We never had the chance to find out if the car’s snazzy snow-busting button worked. The sledges are still in their plastic wrappers, ditto the snow shovel and salopettes because not a single flake of snow fell where we live.
Nothing – not even a particularly impressive frost.
So it is no wonder that this year, that when folk-in-the-know talk about the Arctic Blast, and vital winter preparations, I stifle a yawn.
Don’t get me wrong, I can totally understand why there is such a fuss about it all.
Rewind to December 2010 when the Scottish Government was caught with its thermal pants down. An unexpected Arctic blast caused heavy snowfall across most of Scotland causing the closure of the M8, the M9 and A80, as well as gridlock on many other routes across Scotland.
Worse were the hundreds of people who were stuck in their cars and forced to endure freezing conditions overnight.
The crisis forced the resignation of then transport minister Stewart Stevenson and ignited a determination by the Scottish Government that they would not be out-manoeuvred by extreme weather conditions again.
And since that day there is no escaping weather warnings which are churned out at the very whisper of a wet weekend.
Take for example the Scottish Government’s website. A quick check shows that the year before the Arctic Blast crisis of 2010, there were just 43 news releases about Scotland’s weather.
Then came the snowy year and an impressive 129 weather-related articles were issued.
Last year, when nothing much happened at all except some flooding and a record-breaking amount of rain, there were 87 different sets of facts and figures and warnings on the subject.
This year, 31 articles have been published on the Scottish Government website under “weather”, and it’s not even officially winter yet.
Of course there is a responsibility to make sure there is enough advice and information available about what lies ahead, but a balance needs to be struck or else there is a danger of weather-fatigue setting in.
In recognition of this were Assistant Chief Constable Allan Moffat’s recent comments when he said it was important that the authorities didn’t “cry wolf” when issuing travel advice if it happened to snow this year.
However, for retailers, the fear-factor of a ferocious forecast has become a very powerful marketing tool.
The threat of extreme weather has turned into a big buck business.
Last year retailers Halfords announced a five-fold increase in demand for snow shovels.
Motorists were also buying up larger-than-ever amounts of snow chains, salt, de-icer and anti-freeze.
Winter tyre companies are also doing rather well out of this, with Dundee-based Michelin reporting sales of 500,000 cold weather tyres in 2011 – a 50 per cent increase on the previous year.
However before we get sucked into spending silly money on snow-beating merchandise, what we have to remember is that the freeze of 2010 was a most unusual phenomenon.
In fact, according to Met Office figures, it was the coldest winter in Scotland in almost 100 years.
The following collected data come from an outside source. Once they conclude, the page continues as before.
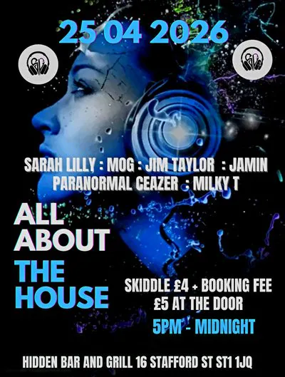 WE'RE BACK !! All About The House presents a night of house music at Stokes newest music venue, Hidden bar and grill. Located on Stafford Street, it sits close to our original venue. We are giving our dedicated following all the things they have come to expect from us over the last couple of years. House music old & new, in an intimate setting. featuring our talented local grassroots DJ's.
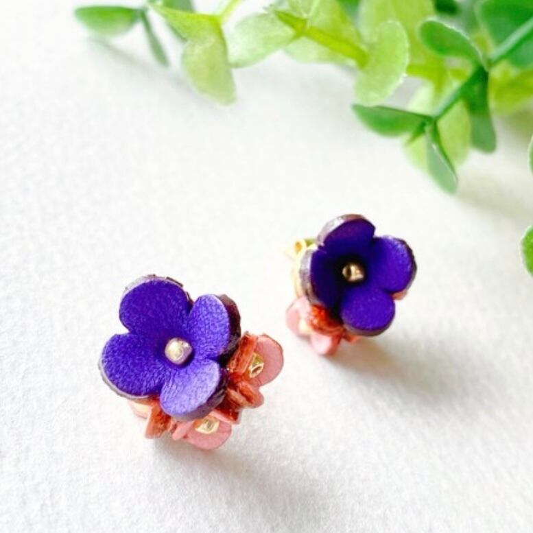 アナベルブーケピアス•イヤリング(花色パープル/ピンク)
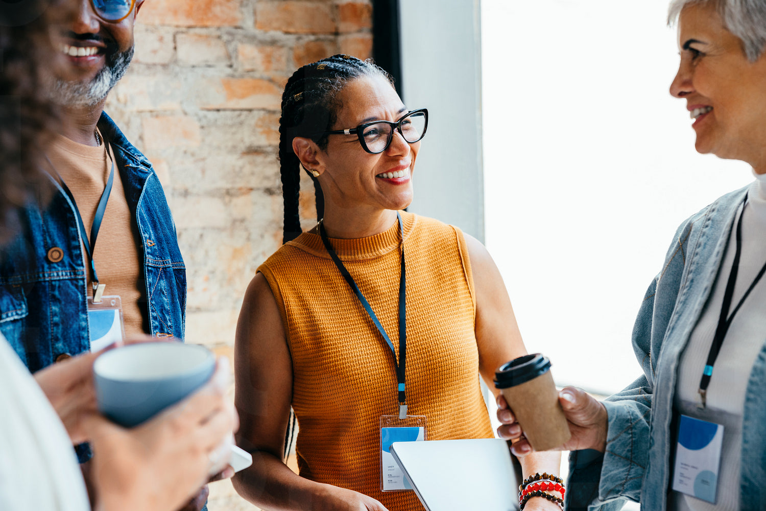 Group of colleagues having a friendly chat with coffee during a break at the office. The setting is informal and friendly.
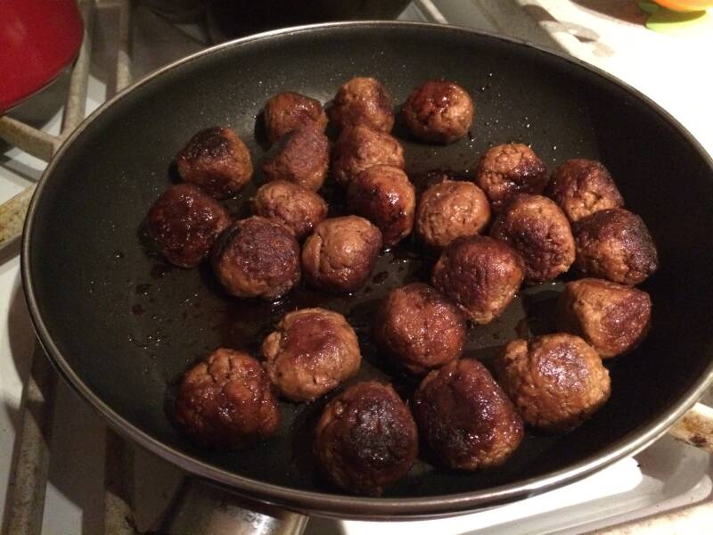 Links de zelfgemaakte vega balletjes, klaar om gegeten te worden.
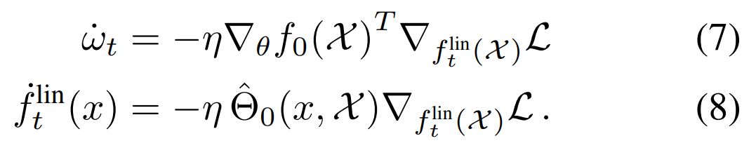 其中 ω_t ≡ θ_t − θ_0 表示模型参数从初始值到终值的变化。表达式 (6) 左边的 f_t 为两项之和:第一项为网络的初始化输出,根据泰勒公式,它在训练过程中是不改变的;第二项则会捕捉初始值在训练过程中的变化。如果我们使用线性函数,那么梯度流的动态过程可以表示为:
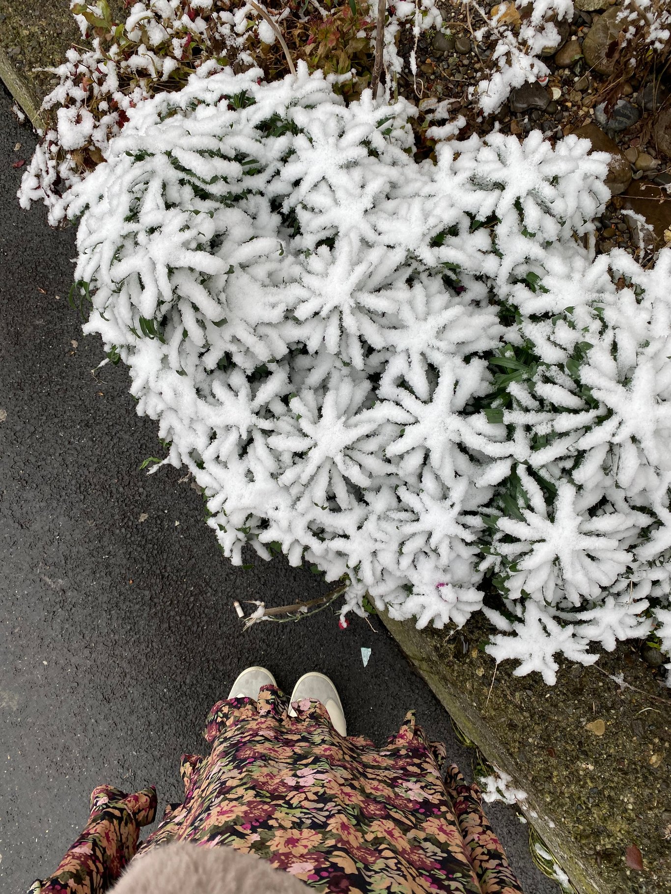 沒想到今天下起淡淡的白雪,一小點很可愛的那一種,臉上一直被白雪點點親吻,一直隨處撥動樹葉的雪,覺得很好玩。
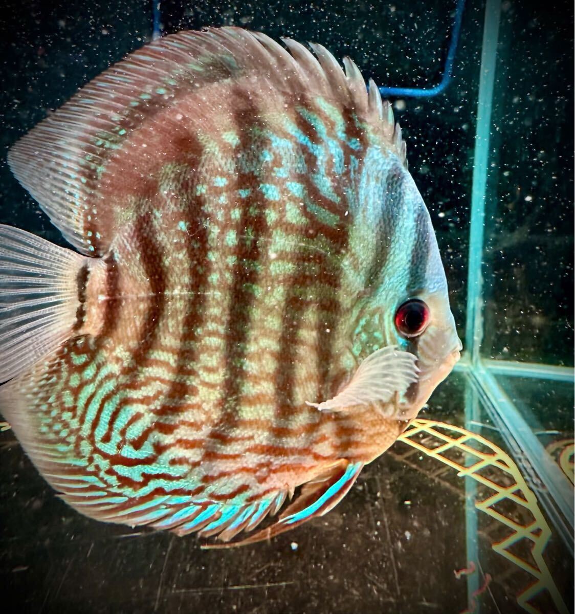 - 【現物出品・マツヨシワールド】極上珍品 ターコイズディスカス 12〜13cm 青光沢×レッドライン 輝く美模様 極美個体

Compare that to last year, which was one of the mildest on record.
So what actually are the chances of another record-breaking cold winter?
Last week the Met Office said it was too early to say what the weather will hold over the “five to six month” winter period.
Phil Evans, director of government services at the Met Office, added: “There isn’t a basis to say it’s likely to be more or less snowy or more or less wet than previously.”
So that’s that.
No-one really knows what lies that far ahead. Not even, it appears, the weather men.
Myself, I can’t help hoping for a small snowy drama .
Nothing as extreme as the M8 grinding to a halt but enough of the white stuff to make it worth while unwrapping the sledges and ripping the price tag of the snow shovel and to finally put the wretched car through its paces.